Rapturous Ranthambore

In Canter with family

“Tigers are solitary, and they are territorial”, said our guide Satish Verma. All of us in the open Canter vehicle were eager to see tigers in our safari in Ranthambore.

“Tiger no. 19 named Krishna is in the territory where are travelling. She has laid three cubs — they are 5 months old now”. This piece of information really heightened our expectations — will we be lucky to spot the tiger that too with three cubs?

This was our first trip to Rajasthan. We are no wildlife buffs but since we had two kids (aged 5 and 3), we decided to go to a wildlife safari. We had booked Air Asia return tickets from Jaipur and wanted to visit a place somewhere nearby. With Google it was easy to zero-in on Ranthambore but heard that the forest gets closed for 3 months during monsoon. Luckily, we got safari tickets for our family to travel on October 1st 2014, which was the first day of opening of the park for trips after monsoon.

A deer wondering why we are staring at him/her

Just as the Canter entered the ancient guard gate, we saw many peacocks and Langur monkeys. “Look at that huge monitor lizard” someone shouted and the lizard immediately disappeared into a Banyan tree. Soon we saw various kinds of deers including Sambar, Spotted Chital, and Nilgai. Our vehicle crossed the Rajbag lake for a momentary halt. “Crocodile! Crocodile!” — someone from our Canter pointed at the back of a large crocodile. It could be more than 10 feet long — if we could see their full body! And our guide sank our spirits: “Crocodiles are cold-blooded animals — they come out to the shore and laze for hours together in Summer — but not now”.

A tiger’s footprint on the mud road

A Jeep crossed our Canter and the driver said they have heard “warning calls” from other animals near the other end of the lake. “When tigers are visible and around, deer and birds give ‘warning calls’. We should listen to them to spot the tiger — that’s why you all should keep quite”, and with that all of us shut our mouths and started looking out for tigers. We only saw a group of wild hogs running around. Here a fox, there a hyena, but no tigers.

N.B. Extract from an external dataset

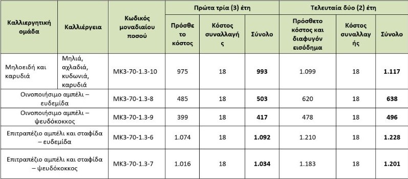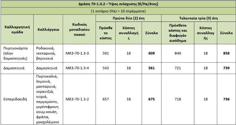 Η πρόσκληση, συνολικού ύψους 60 εκατ. ευρώ, αφορά τις καλλιέργειες της ροδακινιάς, της νεκταρινιάς, της βερικοκιάς, της μηλιάς, της αχλαδιάς, της κυδωνιάς, της καρυδιάς, της δαμασκηνιάς, των εσπεριδοειδών (πορτοκαλιά, λεμονιά, μανταρινιά, νεραντζιά, κιτριά, περγαμόντο, γκρέιπφρουτ, κουμ-κουάτ, φράπα, μοσχολέμονο) και της αμπέλου (οινοποιήσιμο, επιτραπέζιο, σταφίδα).

On the way, our careful guide noticed fresh Tiger footprints on the mud road. “She should have just crossed this place and should be somewhere around here” and with that we waited for 20 minutes. That quiet waiting time helped us observe the forest closely. First we noticed a huge white butterfly and then many other species — it was clear that the jungle had amazing variety of flora and fauna. A Sambar deer came near our vehicle and suspiciously looked at us. Another jeep crossed and they said that they heard “warning calls” near the lakeshore. Our driver rushed to the huge Padam Talao lake.

A beautiful butterfly deep inside the forest

In the lakeshore, a surprise awaited us: a 10-foot crocodile was taking sunbath in the shore. And we could notice large ripples of water in the lake — which could mean many such crocodiles in that one single lake!

In search of the tiger, we forgot to look at the breathtaking views of the huge lakes and ancient forts in front of us.

It was evening and the orange sunlight was partly blocked by white clouds. In the side were tall winding hills with an ancient fort on top of that (with the background voice of our guide: “This fort was built in 10th century and is 7 kilo-meters long. It overlooks Rann and adjoins Thambore and that’s why it’s called Ranthambore”). We could also find many old man-made structures that are now crumbling. The evening sunlight made colorful hues and the added effect was the background noise of parrots and birds. Gentle breeze touched us. Add to it the crocodiles silently swimming in the lake at the foot of the hill. That made for a mesmerizing scene and reminded me of Rudyard Kipling’s Seoni forest in which his Mowgli story was set.

A crocodile in the Padam Talao lakeshore
The “crocodile-infested” Padam Talao lake

A Jeep wheezed past us and the driver shouted “we saw the tiger” and theirs was Track 2. Our guide told that ours was also on the same track, but somehow missed it.

After the safari, we realized that we were in a mess with lots of sand dust settled on us. With no good restaurants nearby, we managed to eat whatever we could get for that day. Also the “red-and-black stripes” eluded us. Nevertheless, it was best wildlife safari for us — we’re keen to visit Ranthambore again, not in search of tigers but to see the spectacular Padam Talao lake!